But there is a brighter future as well. One which is more efficient, if perhaps smaller. One where there is more central coordination of resources but greater federation and distribution of research work and of research roles. This is a future that takes advantage of the fact that enabling specialization in particular tasks and skills can improve efficiency and it is therefore not a future in which all researchers take on the same set of roles, but one in which groups, perhaps institutions, perhaps even countries, specialise in specific tasks in data collection, analysis, building and maintaining infrastructure, and effective communication. This is a future in which most research projects will be international in scope but with centralised resources and frameworks that support these collaborations and make them work efficiently.
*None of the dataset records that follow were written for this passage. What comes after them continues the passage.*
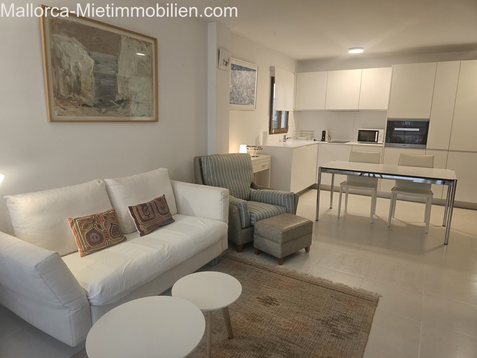 Voll- oder teilmöbliert, Küche mit deutschen Geräten, Kühlgefrierkombi, Waschmaschine mit Trocknerfunktion, Induktionsherd (2 Kochstellen), Mikrowelle, Bettsofa im Wohnzimmer, Warmwasserboiler, Fahrstuhl, überdachter Stellplatz.
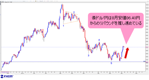 まず、上のチャートで示しているよう、4月高値105.43円からの下落波は、きれいな5波構造を形成し、8月28日(水)安値、8月7日(水)安値を更新できず、5波構造を持つ下落波の完成を示唆していた。要するに8月安値86.40円からリバウンドの展開を推し進めているということだ。
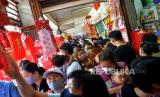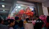 REPUBLIKA.CO.ID,JAKARTA -- Sejumlah warga mencari berbagai kebutuhan untuk perayaan Imlek di Kawasan Glodok Pancoran, Jakarta, Ahad (15/1/2022).
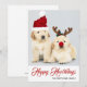 Este diseño navideño presenta una foto de dos cachorros de Golden Retriever que llevan sombreros rojos de Navidad y el texto "Feliz Howlidays" escrito en tipografía roja popular con un apellido de familia añadido debajo. La parte trasera de la tarjeta se ha dejado en blanco para que agregues tu mensaje. Para personalizar, puedes agregar tu propia foto y editar el texto.
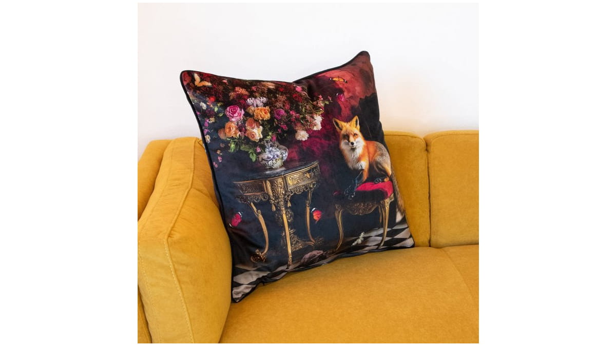 Each cushion features a striking portrait of a woodland or exotic creature, reimagined in a world of velvet armchairs, ornate side tables, and lush, botanical backdrops. Finished with elegant black piping, these are more than just cushions—they are small-scale masterpieces for your armchair, bed, or chaise longue.
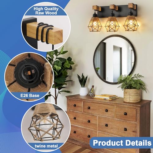 • Rustic style wood bathroom wall sconce3 light bathroom vanity light fixtures with boho wicker twine lampshadesuitable for bedroom hallway and living roomrattan black farmhouse wall sconce  urban country home decor
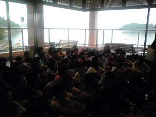 今日宿泊する「鷲羽山下電ホテル」に到着しました。ロビーで入館式をして、ホテルの方にごあいさつをした後、部屋に入りました。このあと楽しい夕食です。
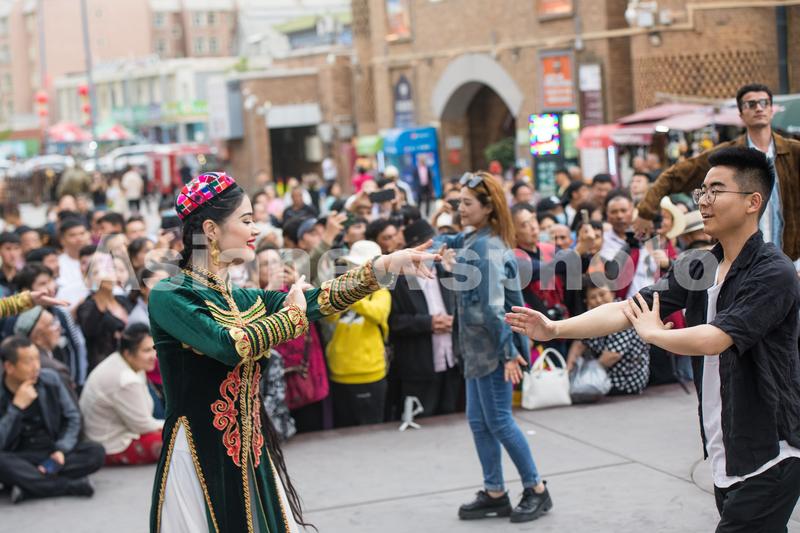 图片说明:2023年5月21日,新疆国际大巴扎景区,游客跳起了欢快的舞蹈。
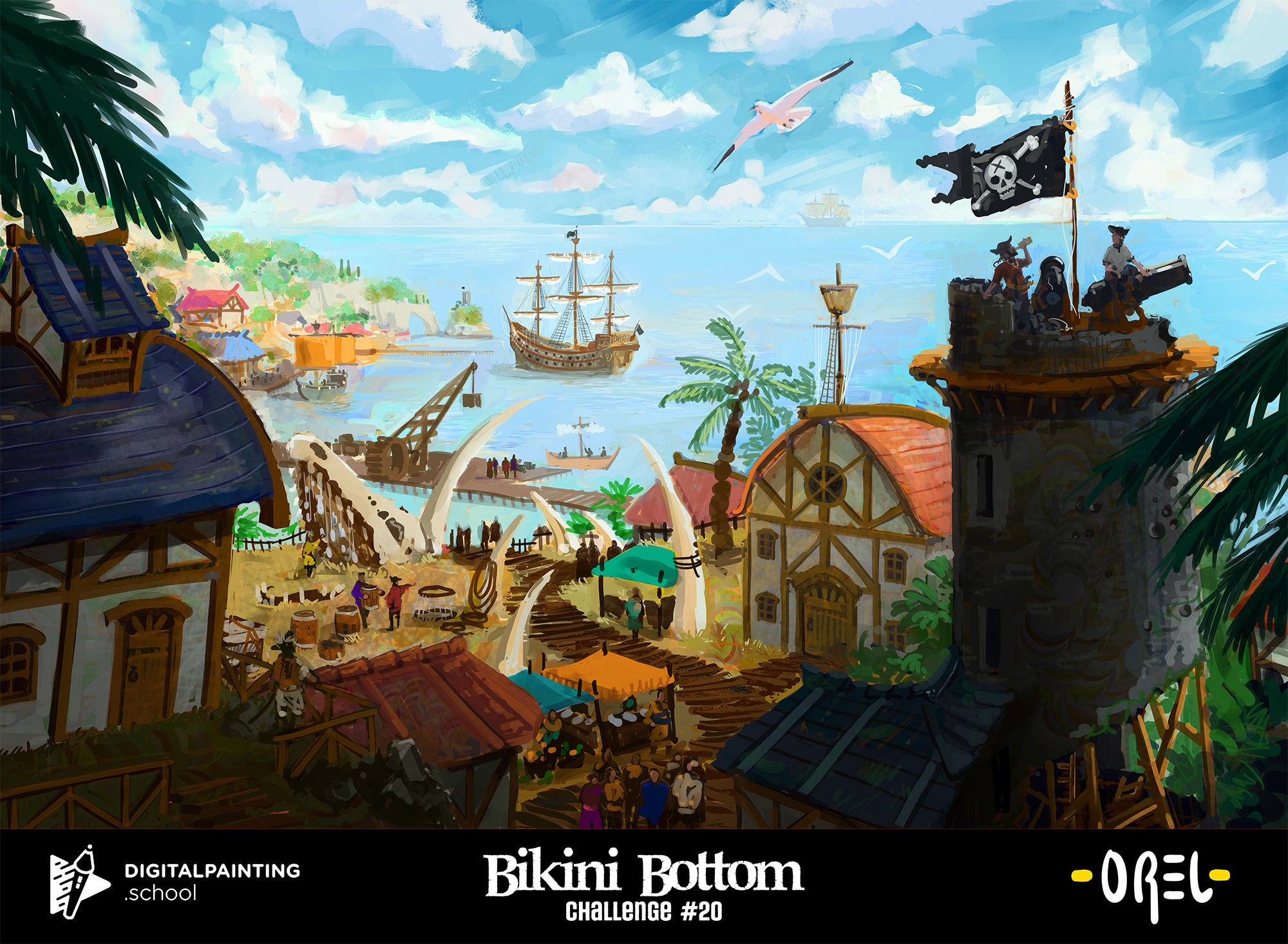 Bonjour à tous ! Voici ma dernière participation à ce challenge. A l'origine j'étais pour faire un pirate des Coeurs Brûlants et un des pirates déchus. Mais un des enviro m'a inspiré. Celui du navire du Capitaine des pirates déchus, de la terreur des mers, le Black Bones. Dans sa description, nous avons un gigantesque navire qui, avant d'être maudit, devait être un des plus beau et des plus grand navire de son époque. Cela ma rappeler le Silent Mary, le navire fantôme du 5ème opus de Pirates des Caraïbes. Un galion gigantesque qui, grâce au pouvoir de Salazar (antagoniste principal) pouvait lui faire changer de forme pour dévorer littéralement ses navires ennemies. Durant la phase de croquis j'ai voulu partir sur un navire unique, tellement grand qu'il s'agirait d'une forteresse mobile à 5 mats. Il serait également équipé d'une paires roues à eau pour l'aider à avancer et gagner en vitesse pour rattraper ses ennemies. J'ai par la suite commencer à rajouter des détails, mais quelque chose me dérangeait... Tout d'abord il y avait la perspective ainsi que la scène que je voulais représenter. A l'origine je voulait faire le navire sortir du brouillard pour que l'immence crâne à l'avant donne un coup de croc à un autre navire. Ce qui aurait donner une idée de la taille colossale du galion. Mais j'avais beau me creuser la tête j'avais trop de question sur la suite de la réalisation...
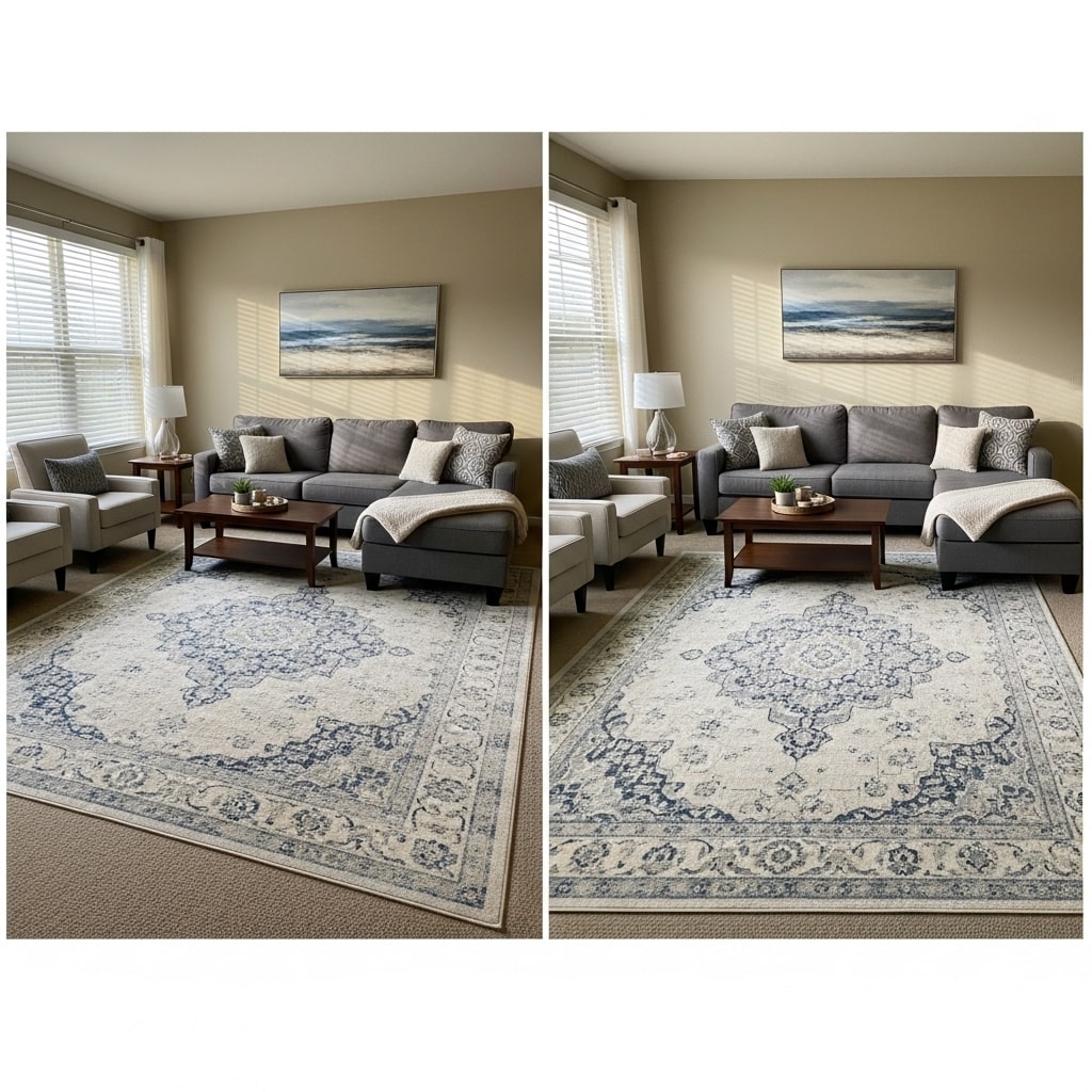 Pro tip: Always leave at least 8–12 inches of floor space between the rug edge and your walls. This gives the illusion of a larger room and prevents a boxed-in feel.
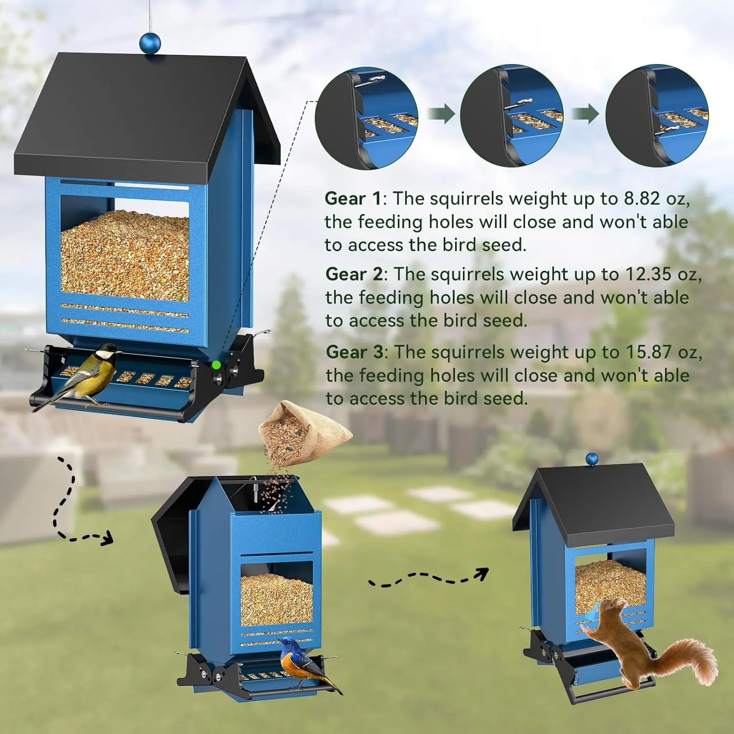 Featuring a unique design, this squirrel proof bird feeder prevents over 90% of squirrels from raiding bird food. You can enjoy birdwatching without worry! 🐿️
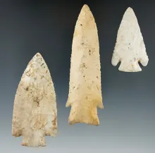Set of three restored Hardin points found in Illinois/Missouri, largest is 4 1/8". |
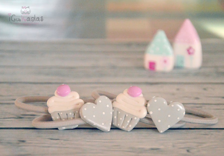 Para compensar, me puse con el gris y le hice unos cupcakes y unos corazones.

Let us think of a young researcher, one with relatively little experience because I think this is where the real interest is. How do you both train and enable less experienced researchers to contribute effectively? It is likely that we will have a smaller funded research community so making the most of everyone's abilities and time is crucial. A young researcher might start their day logging on and checking what new data has come in overnight. This is a researcher who is starting out so they'll be probably be doing relatively basic data management. They might be doing categorisation, or perhaps some simple analysis, spotting interesting cases that can be pushed up the chain to more experienced analysts. Some of these might in turn be tagged as learning opportunities that come back down again for our young researcher to take on themselves.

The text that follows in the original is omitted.